But then watch this video of Ted Cruz talking about queso. So the old meme goes: get you a man who looks at you the way Ted Cruz looks at the concept of queso.
So from this evidence, this much we know: the man is a fan of dairy. The man is capable of enjoying things. But is he capable of translating that joy into internationally humanly recognised words and emotions? He is not. We loop back to the wow: my conclusion is that it is a sincere one. Ted Cruz is amazed by the butter cow. He’s just physically incapable of showing it.

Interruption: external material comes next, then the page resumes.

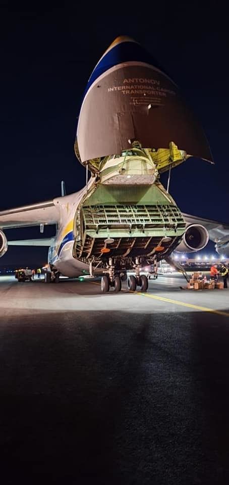 Antonov a adus în România: 200.000 de combinezoane, 200.000 de viziere, 923.000 de mănuși de latex. Descărcare transportului a fost o operațiune complexă desfășurată de angajații aeroportului împreună cu cei de la Unifarm.

– A word on Ted Cruz’s Dress Down and Look at a Cow Made of Butter Outfit: this is all politicians’ dress down outfits at once. This is all politicians are capable of relaxing in: lose the suit jacket, slink the tie out, lose a button or two and roll those sleeves up three neat times. Crinkle the shirt at the elbow and look like absolute shit. A sheen of the day’s sweat over everything. Appalling. However: it’s also the exact same look Kevin Spacey rocks in those scenes in House of Cards where he goes and really evilly eats a load of barbecue. And so we can only ask this, we can only speculate: did Ted Cruz take this photo then immediately sit down with his sleeves rolled up and eat an entire cow made out of butter? I am erring to the side of: yes, he did. He ate that butter cow.
– Motherfucker who made a cow out of butter and why.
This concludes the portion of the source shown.